I got kind of solution. "Kind of", because i had to use additional column in nodes-table: root. It says whether node is root-node or not. Using this additional bit i can compose such query:

SELECT c.ancestor, MAX(n.time) AS t FROM closure c
    JOIN nodes n ON (c.descendant = n.node AND c.ancestor <> n.node)
    JOIN nodes n2 ON (c.ancestor = n2.node AND n2.root = 1) 
    GROUP BY c.ancestor ORDER BY t desc LIMIT 3;

Seems to me, it performs pretty well. It scales too. I generated tree with 100000 node and it took around 1 sec to get results (max tree depth was 18).
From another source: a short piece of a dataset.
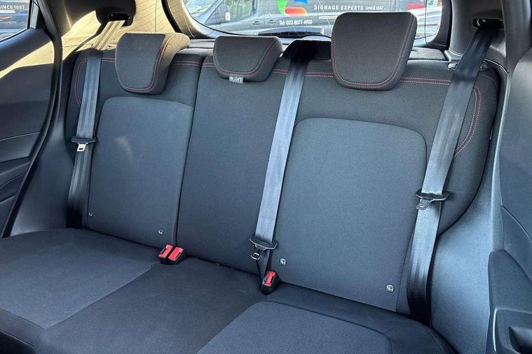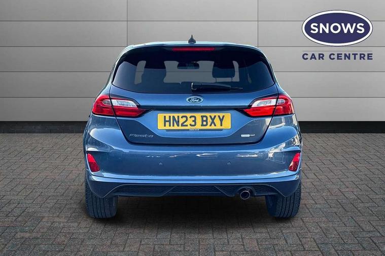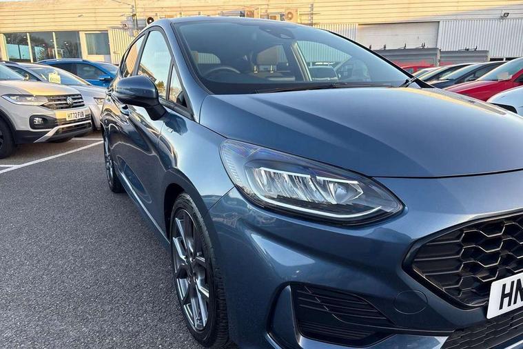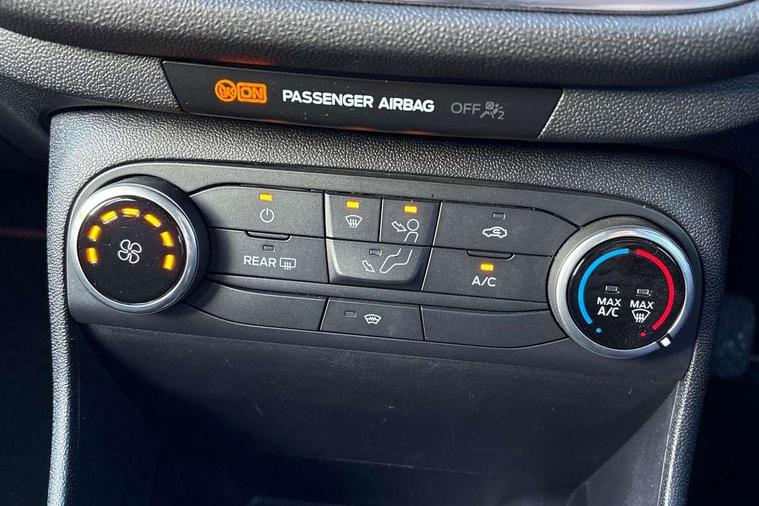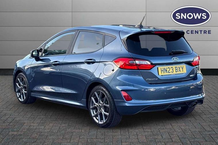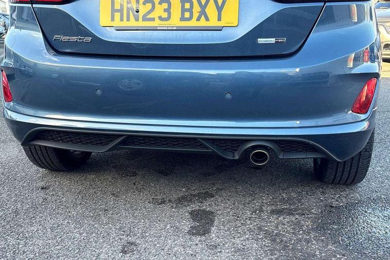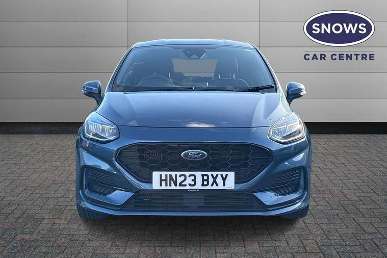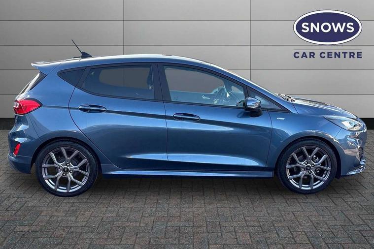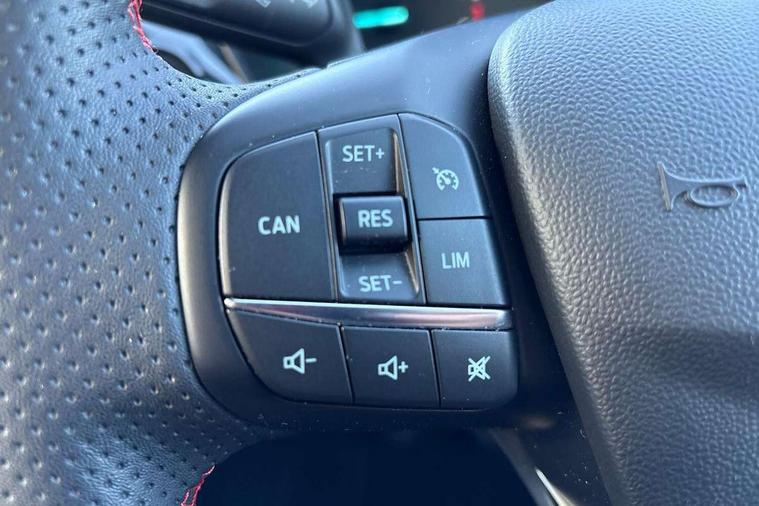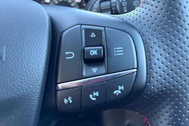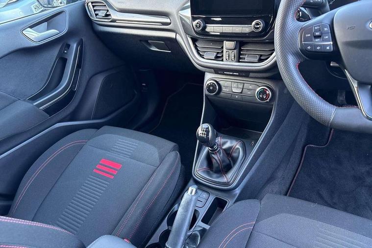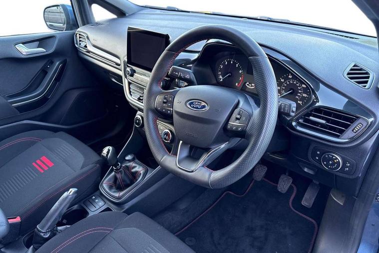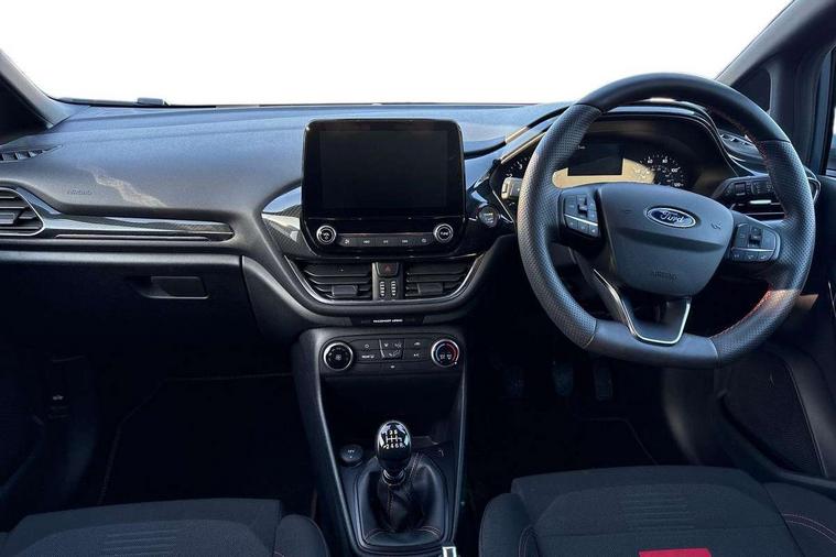 Bluetooth system, Electric power steering, Ford easy fuel, Ford SYNC 3 Navigation system incl 8" touchscreen, 7 speakers, FordPass connect, Apple carplay, android auto, voice control and emergency assistance, Rear parking distance sensors, Selectable drive modes (Normal, Sport, Track), Trip computer, Sports suspension, 2 USB ports, Auxiliary input socket, DAB Digital radio, Steering wheel mounted controls, Body colour bumpers, Body colour door handles, Body colour large rear spoiler, Body coloured electrically operated and heated door mirrors with side indicators, Cornering front fog lights, Electric front windows/one touch facility, Electric rear windows, LED Night signature to rear lights, Quickclear heated windscreen, Rain sensing wipers and auto dimming rear view mirror, Rear privacy glass, Rear wiper, Unique ST-Line upper grille & full bodystyling kit with ST-Line wing badges, 3 spoke flat bottomed leather steering wheel, 60/40 split folding rear seat, Adjustable head restraints, Black headlining, Boot carpet, Centre console with opening armrest, 2x cupholders, 12v and USB, Chrome inner door handles, Cloth upholstery, Footwell illumination, Front floor mats in velour, Front map reading lights, Front seat and rear pockets, Illuminated glovebox, Leather gaiter, Load area light, Manual 2 way passenger seat adjust, Manual 4-way driver seat adjust, Manual air conditioning, Overhead console with sunglasses holder, Pollen filter, Rake/reach adjustable steering wheel, Sensico wrapped steering wheel, Sports front seats, NCAP Pack - Fiesta, 3 point seatbelts on all rear seats, ABS+EBA, Curtain airbags, Driver and passenger airbags, Drivers knee airbag, Electronic stability control with hill start assist, Front passenger airbag deactivation, Front side airbags, Seatbelt warning, Two tone horn, Tyre pressure monitoring system, Keyless start with 'Ford Power' starter button, MyKey system, Remote central locking & engine immobiliser, Thatcham Cat.1 alarm, 17" 5 spoke alloy wheels with rock metallic finish,

I attach the perl script (and table schema) for content generation, so maybe some could tune this query to perform better.

#!/usr/bin/perl --

use strict;
use warnings;
use Data::Random qw(:all);
my ($maxnode, $node) = ();

my $dbh = !DATABASE INIT!

foreach ( 1 .. $ARGV[0] ) {
    $node = ($_ == 1) ? 0 : int( rand(4) );

    if (!$node) {
        $maxnode = &RootNode(1);
    }
    else {
        $maxnode = &Node($maxnode);
    }
}


##
## 
sub Node {
my $parent = int( rand($_[0]) ) + 1;

my $id = &RootNode(0, $parent);

my $insert = qq|INSERT INTO test.closure (ancestor, descendant, depth) 
        SELECT ancestor, $id, depth + 1 
        FROM test.closure WHERE descendant = ?|;
$dbh->do($insert, undef, $parent);
return $id;

}
##


##
## 
sub RootNode {
my $min_datetime = $_[0] 
        ? '2008-9-21 4:0:0' 
        :  $dbh->selectrow_array( "SELECT time 
                FROM test.nodes WHERE node = ?", undef, $_[1] );
my $label = join( "", rand_chars( set => 'alpha', min => 5, max => 20 ) );
my $time = rand_datetime( min => $min_datetime, max => 'now' );

my $insert = qq|INSERT INTO test.nodes (label, time, root) VALUES (?, ?, ?)|;
$dbh->do($insert, undef, $label, $time, $_[0]);
my ($id) = $dbh->selectrow_array("SELECT LAST_INSERT_ID()");

$insert = qq|INSERT INTO test.closure (ancestor, descendant, depth) 
        VALUES (?, ?, 0)|;
$dbh->do($insert, undef, $id, $id);

return $id;
}
##

__DATA__
USE test

DROP TABLE IF EXISTS `closure`;
DROP TABLE IF EXISTS `nodes`;

CREATE TABLE `nodes` (
`node` int(11) NOT NULL auto_increment,
`label` varchar(20) NOT NULL,
`time` datetime default NULL,
`root` tinyint(1) unsigned default NULL,
PRIMARY KEY  (`node`)
) ENGINE=InnoDB;

CREATE TABLE `closure` (
`ancestor` int(11) NOT NULL,
`descendant` int(11) NOT NULL,
`depth` tinyint(3) unsigned default NULL,
PRIMARY KEY  (`ancestor`,`descendant`),
KEY `descendant` (`descendant`),
CONSTRAINT `closure_ibfk_1` FOREIGN KEY (`ancestor`) REFERENCES `nodes` (`node`),
CONSTRAINT `closure_ibfk_2` FOREIGN KEY (`descendant`) REFERENCES `nodes` (`node`)
) ENGINE=InnoDB;


You may create one top level element, which is only for reference and all of its descendants will be the root nodes.

  • top
    • root
      • sub1
      • sub2
      • sub3
    • root2
    • root3
    • root4


I tried to simulate it into a database, and I generated this query to find the last 3 root nodes having newest postings. I'm not really sure that I'd undesrstood all your requests, but if I don't, please tell me and as soon as possible I'll try to help you.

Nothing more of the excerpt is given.